In U.S. District Court for the Central District of California, federal judge Manuel Real threw out five of the seven securities claims made by the Securities and Exchange Commission in its fraud lawsuit against ex-IndyMac Bancorp chief executive Michael Perry and former finance chief Scott
Keys. The Commission is accusing the two men of covering up the now failed California mortgage lender’s deteriorating liquidity position and capital in 2008. Real’s bench ruling dilutes the SEC’s lawsuit against the two men.

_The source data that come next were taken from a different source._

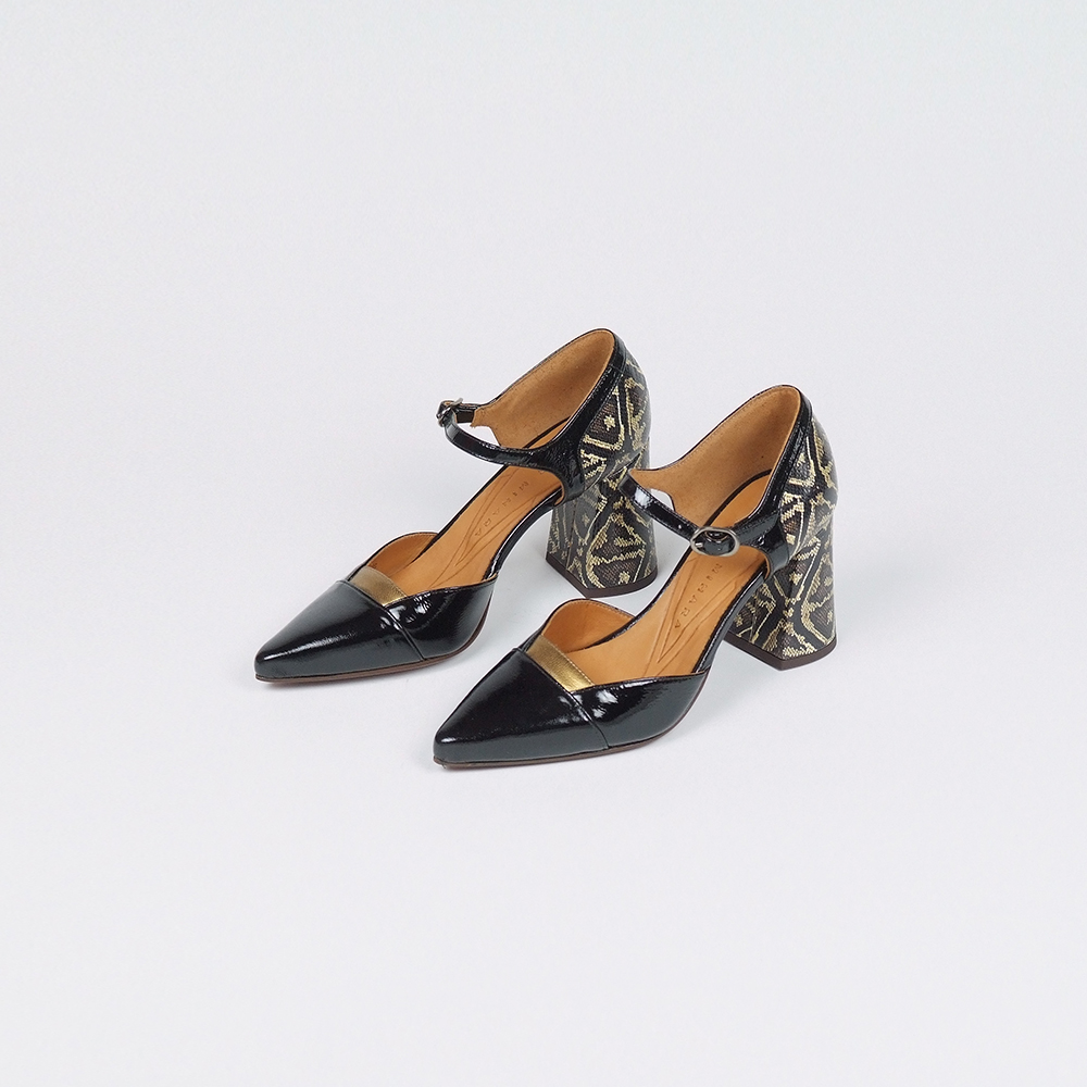 Γόβες δερμάτινες Mary Jane σε μαύρο λουστρίνι με ασπρόμαυρες λεπτομέρειες στο πίσω μέρος και τακούνι 6,5 cm.
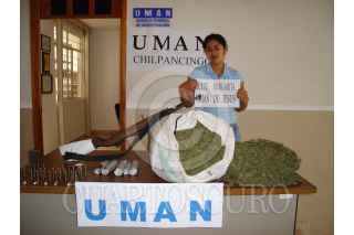 CHILPANCINGO, GUERRERO 05OCTUBRE2007.- Dulce Margarita Urias de Jesus es la persona que fue detenida por efectivos de la Unidad Mixta de Atencion al Narcomenudeo (UMAN) durante un operativo que realizaron en la poblacion del Ocotito, asegurandole 10 kilos de marihuana, 5 carrufos de marihuana, 6 grapas de cocaina, 28 cartuchos 7.62, 1 cartucho para M1y un fusil M1. Foto: OSCAR ALVARADO/CUARTOSCURO.COM
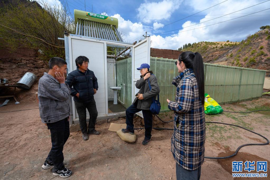 5月2日,李純民趕到西藏昌都市類烏齊縣濱達(dá)鄉(xiāng)濱達(dá)村,為當(dāng)?shù)卮迕裣虬桶偷菂f(xié)調(diào)太陽能熱水器的安裝調(diào)試工作。這是李純民(右二)通過濱達(dá)鄉(xiāng)小學(xué)老師索朗卓瑪(右一)作藏語翻譯,就熱水淋浴室與水沖廁整體改造計(jì)劃給向巴巴登(左二)提出建議。新華社記者 劉金海 攝
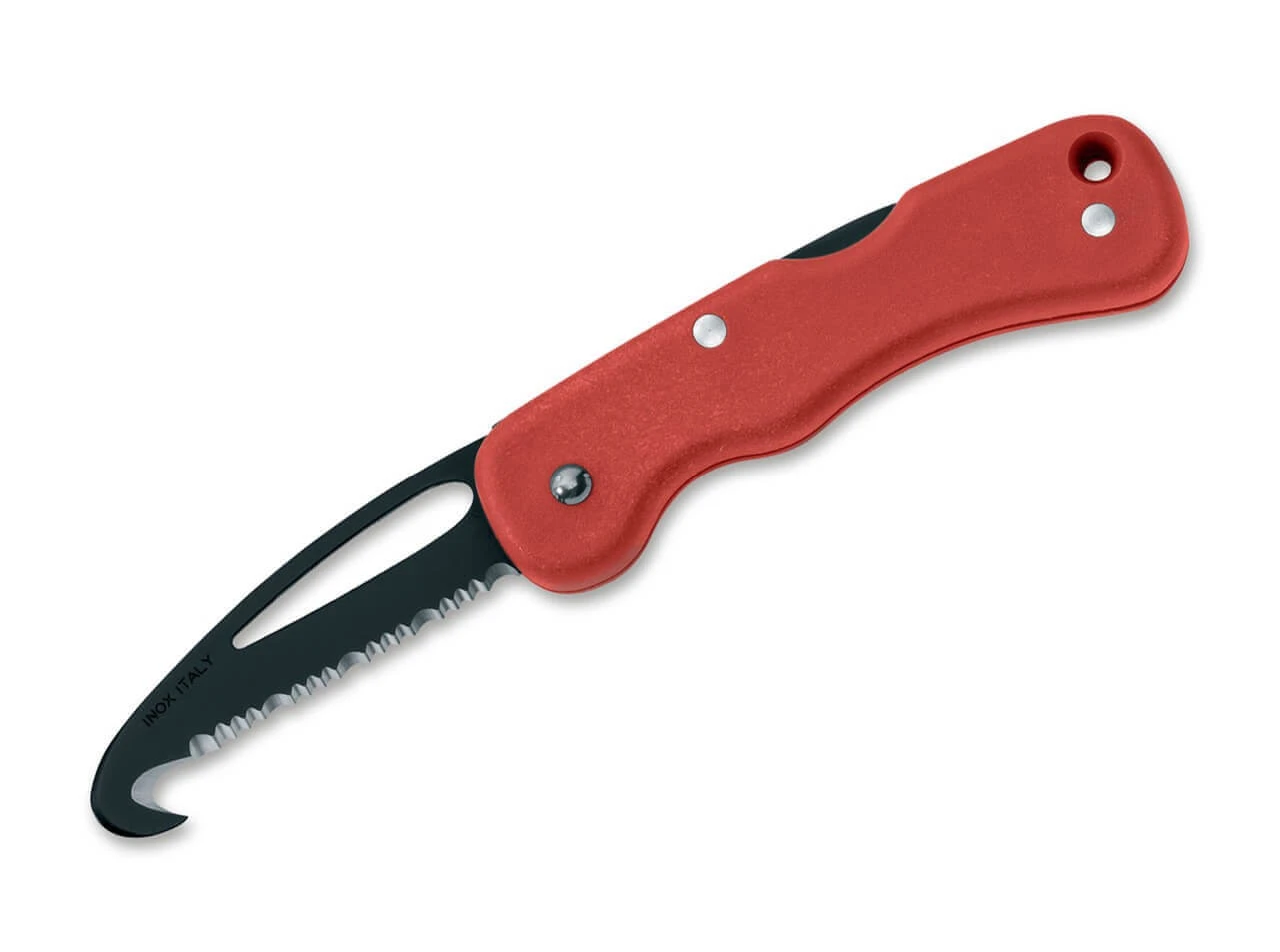 Das signalfarbene Rettungsmesser 697 von MAC ist mit einer Wellenschliff-Klinge aus 4034 ausgestattet. Sie öffnet per Daumenöffnung und verriegelt per Backlock. Die roten Griffschalen bestehen aus GFK. Zusätzlich lässt sich die gebogenen Klingenspitze als Gurtschneider nutzen.

The Commission contends that Keys and Perry misled investors while trying to raise capital and preparing to sell $100 million in new stock before July 2008, which is when thrift regulators closed IndyMac Bank, F.S.B and the holding company filed for bankruptcy protection. They are accusing Perry of letting investors receive misleading or false statements about the company’s failing financial state that omitted material information. (S. Blair Abernathy, also a former IndyMac chief financial officer, had also been sued by the SEC. However, rather that fight the lawsuit, he chose to settle without denying or admitting to any wrongdoing.)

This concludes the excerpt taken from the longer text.